TASK BRIEF: Stop after the line with "Placing an egg". Up to that point, output every line of the listing below exactly from the first one onward, skipping pictures.

DATASET SECTION:
----

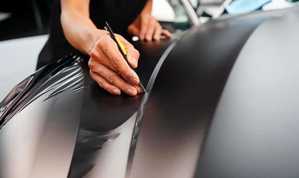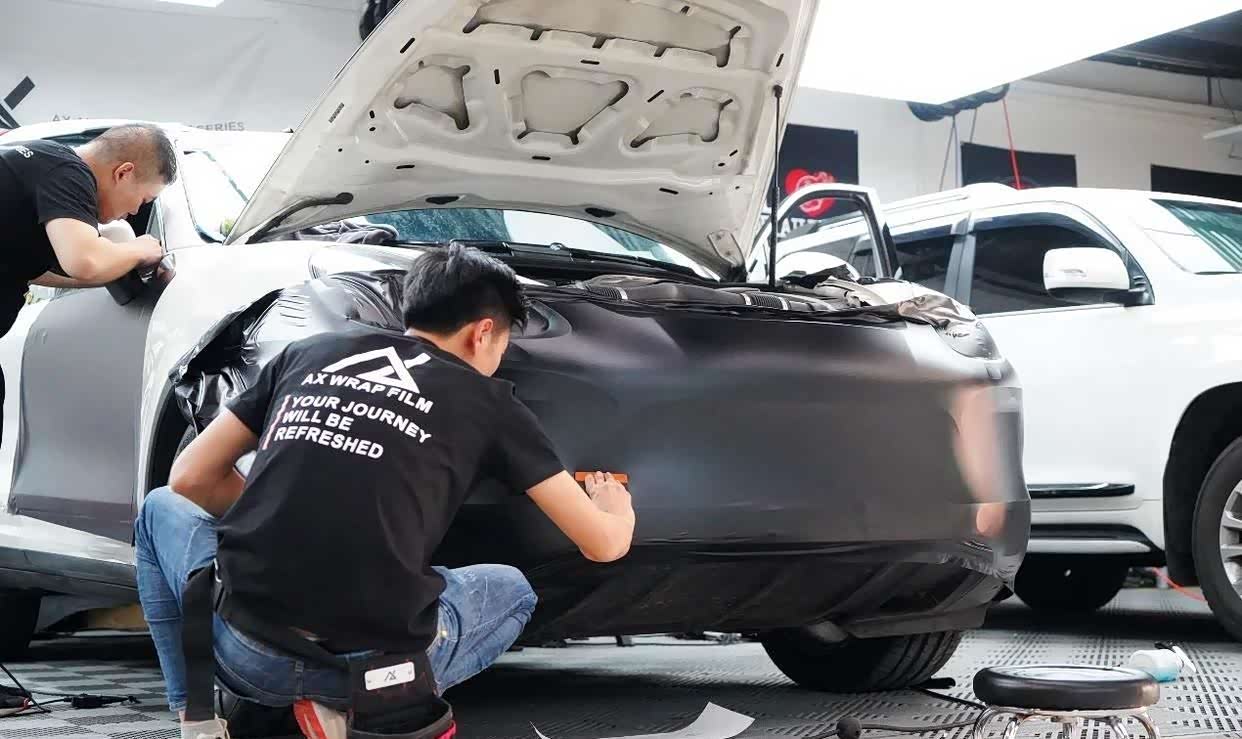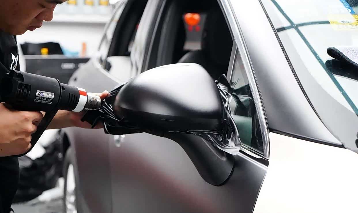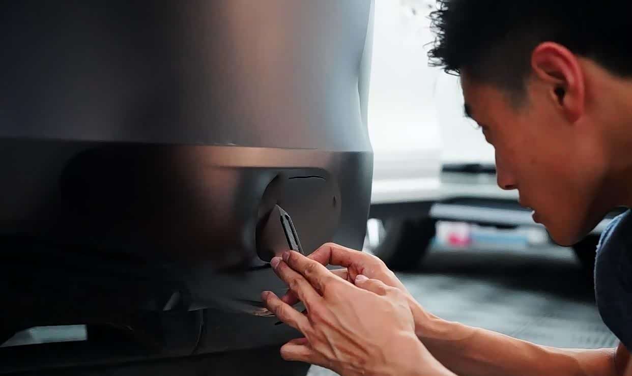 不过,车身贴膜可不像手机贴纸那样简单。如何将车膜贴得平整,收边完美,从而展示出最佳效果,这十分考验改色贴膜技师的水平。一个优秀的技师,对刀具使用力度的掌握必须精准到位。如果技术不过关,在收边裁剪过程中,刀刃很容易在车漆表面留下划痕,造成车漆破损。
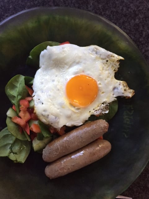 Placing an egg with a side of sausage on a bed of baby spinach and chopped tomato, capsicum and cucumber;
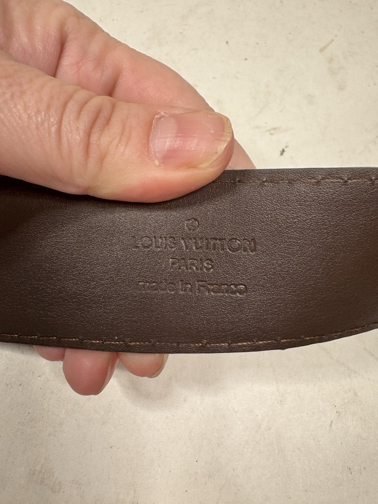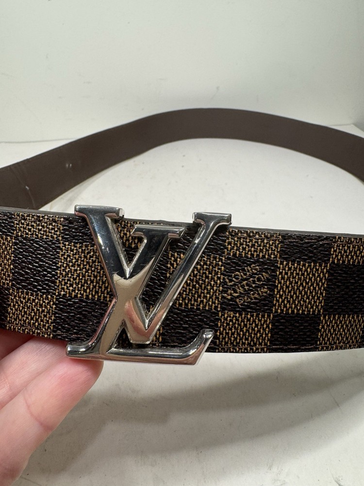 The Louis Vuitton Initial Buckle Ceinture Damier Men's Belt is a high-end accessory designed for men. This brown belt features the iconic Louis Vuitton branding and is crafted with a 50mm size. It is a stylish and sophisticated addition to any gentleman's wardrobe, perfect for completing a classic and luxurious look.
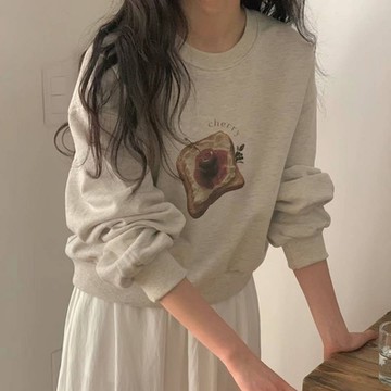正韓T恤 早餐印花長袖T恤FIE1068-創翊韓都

----

ANSWER BELOW:
 不过,车身贴膜可不像手机贴纸那样简单。如何将车膜贴得平整,收边完美,从而展示出最佳效果,这十分考验改色贴膜技师的水平。一个优秀的技师,对刀具使用力度的掌握必须精准到位。如果技术不过关,在收边裁剪过程中,刀刃很容易在车漆表面留下划痕,造成车漆破损。
 Placing an egg with a side of sausage on a bed of baby spinach and chopped tomato, capsicum and cucumber;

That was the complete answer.